● Exercise description
Below are records with pictures; copy word for word only the lines between the line with "Nach den Planungen" and the line with "Fig. 2. Self-myofascial release of the sole.", inclusive, and drop the pictures.

[Supplied data Boundary: Start]

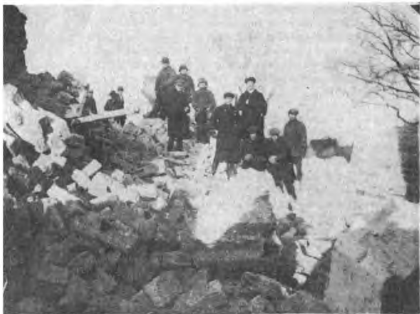
Разрушители колокольни собора Рождества Пресвятой Богородицы на ее останках
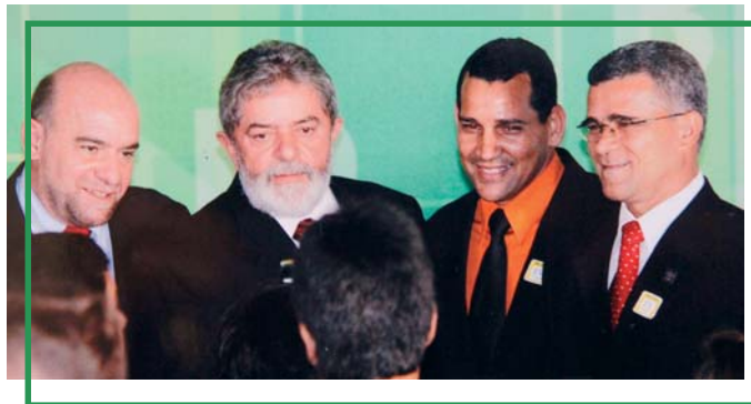
O Chefe da Nação ladeado pelo Presidente da Casa da Moeda, Diretor Técnico e Empregado, após o lançamento
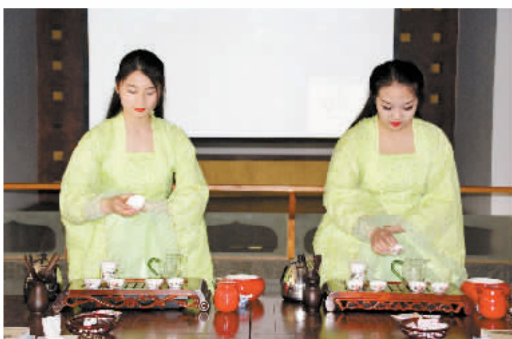
适逢春茶开采时节,很多外地游客来信阳参观茶园、采摘茶叶、观看茶艺表演,这已经成为信阳的一道靓丽风景线。它不仅有利于宣传信阳的茶文化,同时也带动了经济发展。图为茶艺师正在表演茶艺。
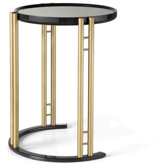
Art. 166 Tavolino / Lamp table Finiture/finishings: SP Seppia + B1 bronzo antico Top: specchio bronzo / bronze mirror Diam. 55 x 66 h. cm
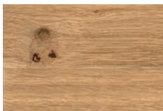
Wildecke massiv, soft gebürstet
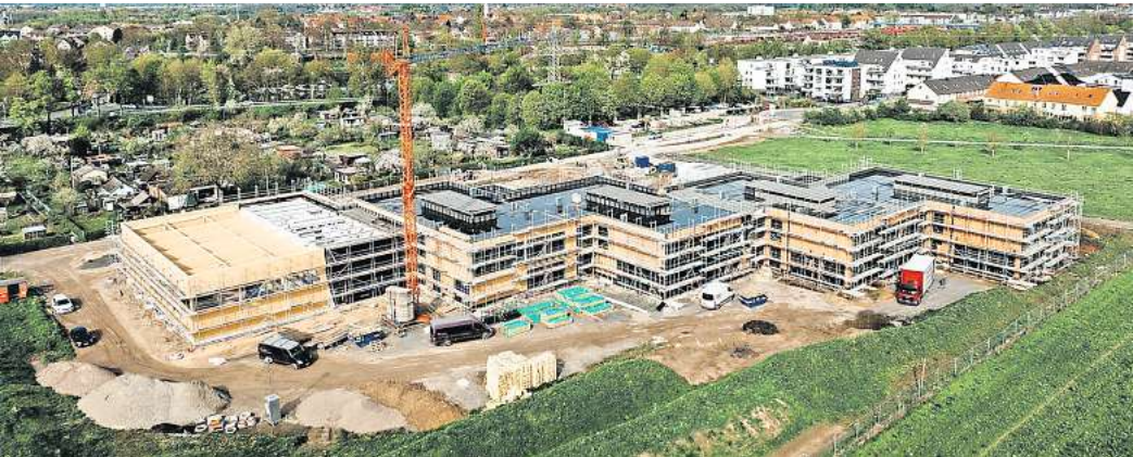
Im April wurde das Richtfest gefeiert: Der neue Grundschul-Standort in Seelze-Süd ist inzwischen unübersehbar.

Nach den Planungen wird zum Schuljahr 2025/2026 in Harenberg eine neue 3,5-zügige Ganztagsgrundschule mit einer Ein- einhalbfeld-Sporthalle zur Verfügung stehen, in deren unmittelbarer Nachbarschaft zeitgleich die neue Kindertagesstätte gebaut wird. In Seelze-Süd kann
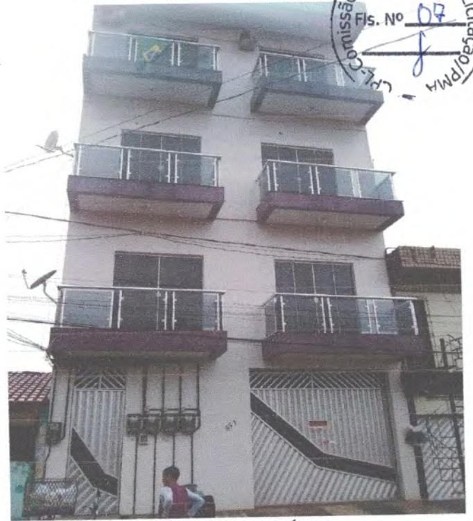
FACHADA DO PRÉDIO
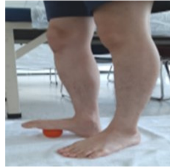
Fig. 2. Self-myofascial release of the sole.

대상자는 벽 앞에 선 다음, 어깨높이에서 팔꿈치를 편 채 평평한 벽을 향해 두 팔을 뻗고, 손바닥을 벽에댄다. 신장하고자 하는 부위의 다리를 뒤에 위치시키고, 반대쪽 다리는 신장하고자 하는 발의 앞에 위치시켜 무릎을 구부리는 자세를 취하였다. 중립적인 발 위치 유지를 위해 두 번째 발가락과 발꿈치 중앙을 하나의

[Supplied data Boundary: End]

● Result
Nach den Planungen wird zum Schuljahr 2025/2026 in Harenberg eine neue 3,5-zügige Ganztagsgrundschule mit einer Ein- einhalbfeld-Sporthalle zur Verfügung stehen, in deren unmittelbarer Nachbarschaft zeitgleich die neue Kindertagesstätte gebaut wird. In Seelze-Süd kann
FACHADA DO PRÉDIO
Fig. 2. Self-myofascial release of the sole.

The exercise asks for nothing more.